§ Input data:

────

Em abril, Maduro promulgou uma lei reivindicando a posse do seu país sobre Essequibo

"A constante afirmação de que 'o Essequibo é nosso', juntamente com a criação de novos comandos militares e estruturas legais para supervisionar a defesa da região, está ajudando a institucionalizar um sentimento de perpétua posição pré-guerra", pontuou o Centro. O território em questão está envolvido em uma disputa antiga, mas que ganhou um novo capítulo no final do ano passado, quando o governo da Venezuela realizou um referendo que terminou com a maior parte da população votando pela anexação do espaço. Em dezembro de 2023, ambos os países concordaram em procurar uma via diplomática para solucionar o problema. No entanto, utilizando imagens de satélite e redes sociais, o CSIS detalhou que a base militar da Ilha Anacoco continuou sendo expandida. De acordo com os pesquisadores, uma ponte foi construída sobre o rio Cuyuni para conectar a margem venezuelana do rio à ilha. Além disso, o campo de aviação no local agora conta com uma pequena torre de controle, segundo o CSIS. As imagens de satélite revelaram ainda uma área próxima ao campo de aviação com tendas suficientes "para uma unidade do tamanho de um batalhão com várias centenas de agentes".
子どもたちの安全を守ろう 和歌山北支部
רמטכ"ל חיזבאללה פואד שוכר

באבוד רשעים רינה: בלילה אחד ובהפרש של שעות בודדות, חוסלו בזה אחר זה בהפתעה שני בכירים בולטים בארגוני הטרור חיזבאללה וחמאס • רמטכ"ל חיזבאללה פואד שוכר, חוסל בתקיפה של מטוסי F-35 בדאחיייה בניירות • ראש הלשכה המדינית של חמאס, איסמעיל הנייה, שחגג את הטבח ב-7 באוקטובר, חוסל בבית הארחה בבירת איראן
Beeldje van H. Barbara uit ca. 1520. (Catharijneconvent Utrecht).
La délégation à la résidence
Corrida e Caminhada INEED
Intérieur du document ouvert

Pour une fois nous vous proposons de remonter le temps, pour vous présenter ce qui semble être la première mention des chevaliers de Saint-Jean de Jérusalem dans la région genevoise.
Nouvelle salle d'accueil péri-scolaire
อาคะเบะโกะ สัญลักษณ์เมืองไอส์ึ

────

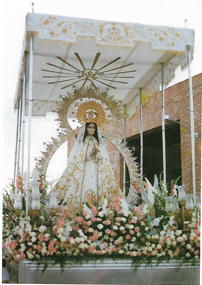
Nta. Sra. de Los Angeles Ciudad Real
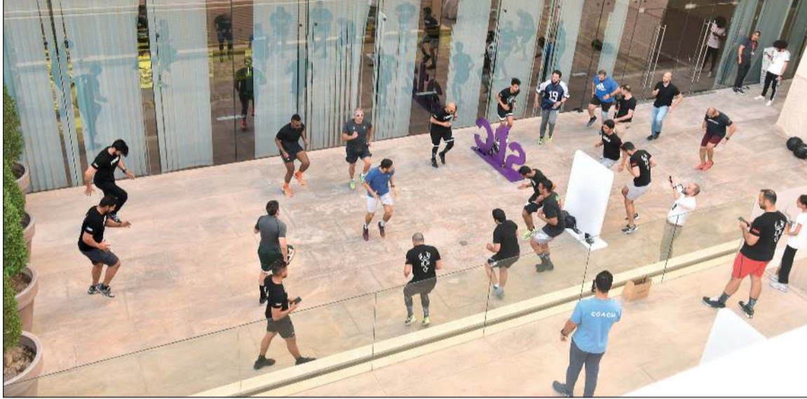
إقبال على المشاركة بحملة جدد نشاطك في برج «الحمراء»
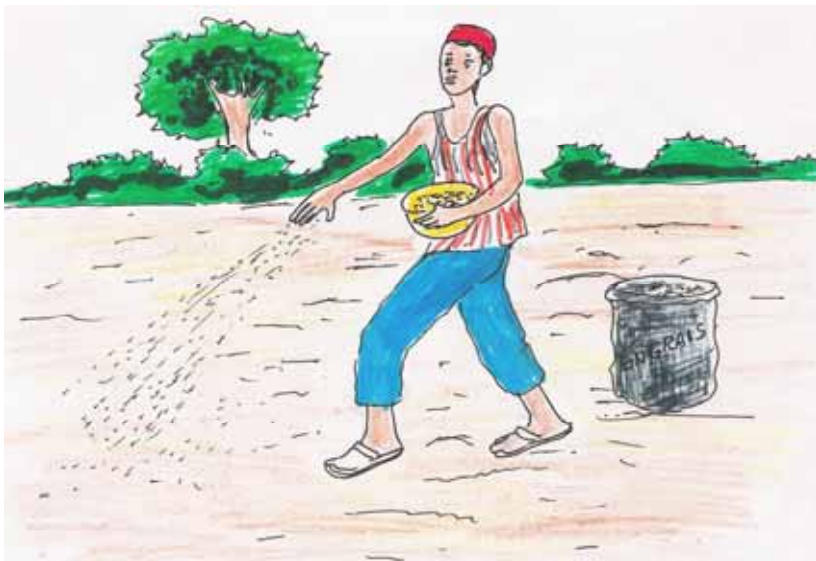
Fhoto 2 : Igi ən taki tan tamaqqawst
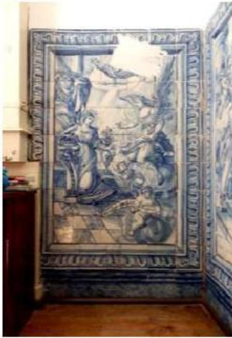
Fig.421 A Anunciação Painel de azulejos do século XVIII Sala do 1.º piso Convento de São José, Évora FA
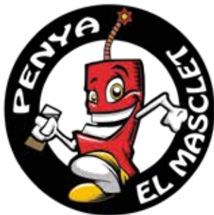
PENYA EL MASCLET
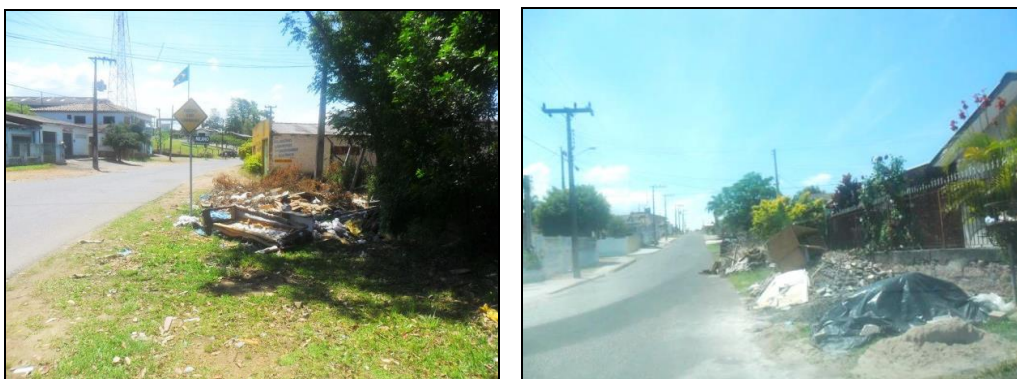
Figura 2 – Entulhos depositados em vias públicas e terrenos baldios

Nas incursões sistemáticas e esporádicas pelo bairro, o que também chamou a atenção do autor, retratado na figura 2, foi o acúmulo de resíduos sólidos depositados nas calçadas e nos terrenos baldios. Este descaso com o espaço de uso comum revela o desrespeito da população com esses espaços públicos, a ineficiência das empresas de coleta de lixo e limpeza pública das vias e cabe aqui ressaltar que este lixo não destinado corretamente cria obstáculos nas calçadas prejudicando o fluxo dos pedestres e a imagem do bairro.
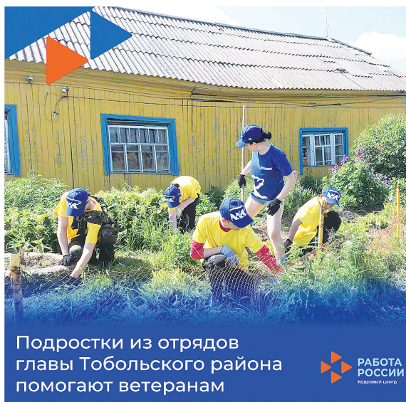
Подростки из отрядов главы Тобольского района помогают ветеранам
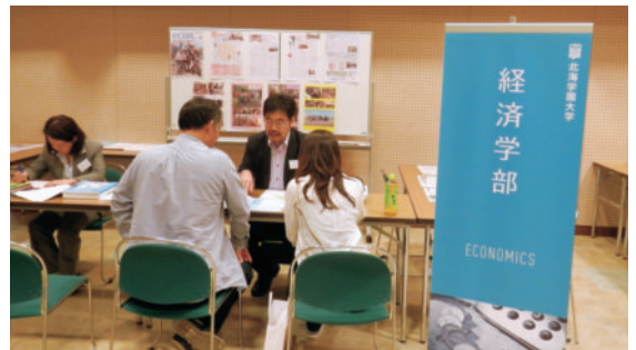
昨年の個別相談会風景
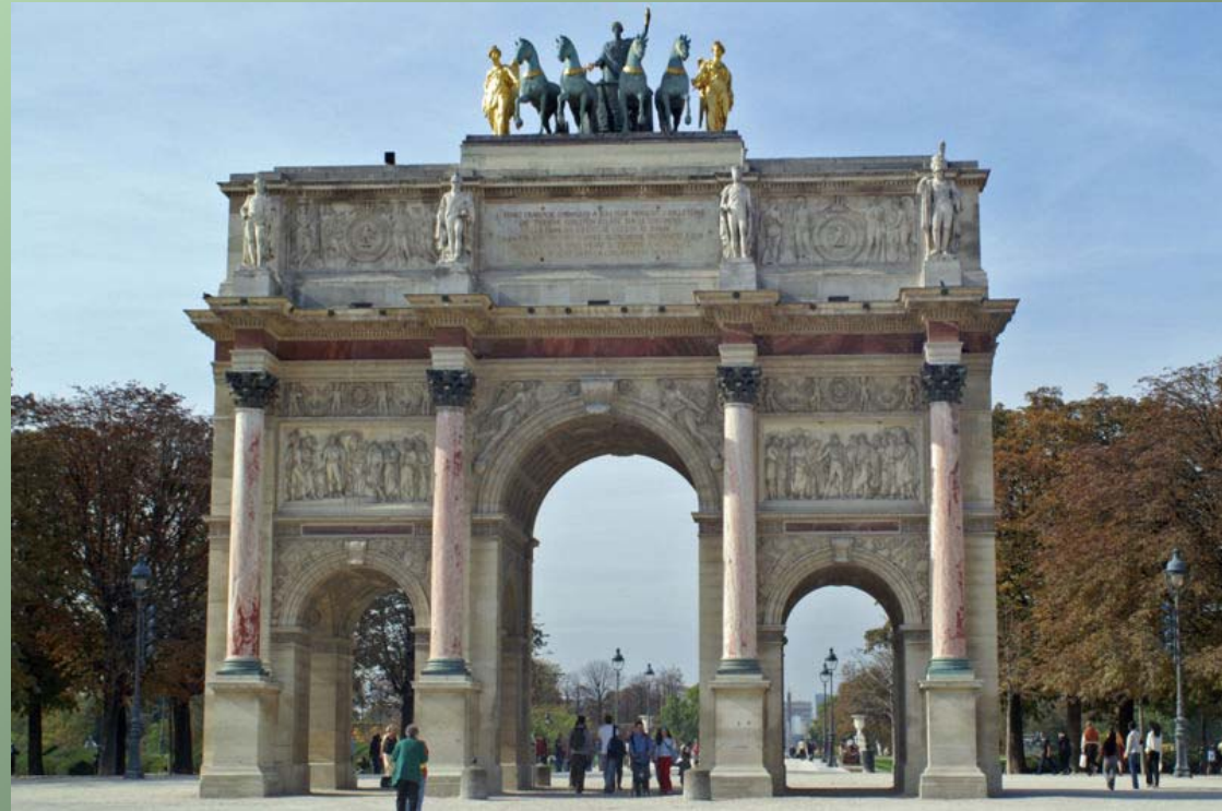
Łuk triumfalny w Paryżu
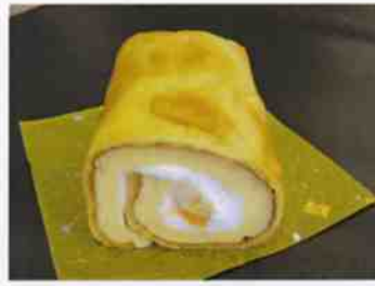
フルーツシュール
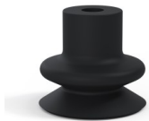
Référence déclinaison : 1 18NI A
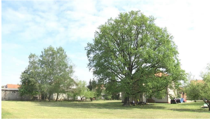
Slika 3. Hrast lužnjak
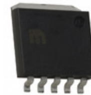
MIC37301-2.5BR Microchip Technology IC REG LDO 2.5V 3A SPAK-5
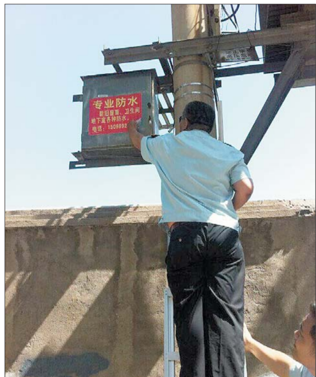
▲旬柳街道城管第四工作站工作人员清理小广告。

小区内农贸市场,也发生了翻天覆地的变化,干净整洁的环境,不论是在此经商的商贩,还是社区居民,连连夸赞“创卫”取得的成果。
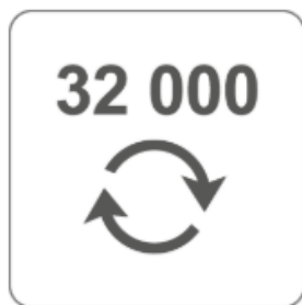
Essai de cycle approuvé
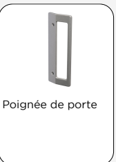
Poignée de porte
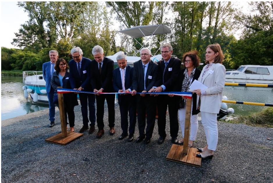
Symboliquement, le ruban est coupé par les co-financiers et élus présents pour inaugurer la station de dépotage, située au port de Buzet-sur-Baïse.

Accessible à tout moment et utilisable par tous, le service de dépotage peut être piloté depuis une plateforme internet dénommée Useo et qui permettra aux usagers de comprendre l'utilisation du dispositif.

────

§ What you are asked to do:
Retype the portion of the data above that starts on the line with "באבוד רשעים רינה: בלילה" and finishes on the line with "อาคะเบะโกะ สัญลักษณ์เมืองไอส์ึ", including both of those lines.

§ Completed exercise:
באבוד רשעים רינה: בלילה אחד ובהפרש של שעות בודדות, חוסלו בזה אחר זה בהפתעה שני בכירים בולטים בארגוני הטרור חיזבאללה וחמאס • רמטכ"ל חיזבאללה פואד שוכר, חוסל בתקיפה של מטוסי F-35 בדאחיייה בניירות • ראש הלשכה המדינית של חמאס, איסמעיל הנייה, שחגג את הטבח ב-7 באוקטובר, חוסל בבית הארחה בבירת איראן
Beeldje van H. Barbara uit ca. 1520. (Catharijneconvent Utrecht).
La délégation à la résidence
Corrida e Caminhada INEED
Intérieur du document ouvert

Pour une fois nous vous proposons de remonter le temps, pour vous présenter ce qui semble être la première mention des chevaliers de Saint-Jean de Jérusalem dans la région genevoise.
Nouvelle salle d'accueil péri-scolaire
อาคะเบะโกะ สัญลักษณ์เมืองไอส์ึ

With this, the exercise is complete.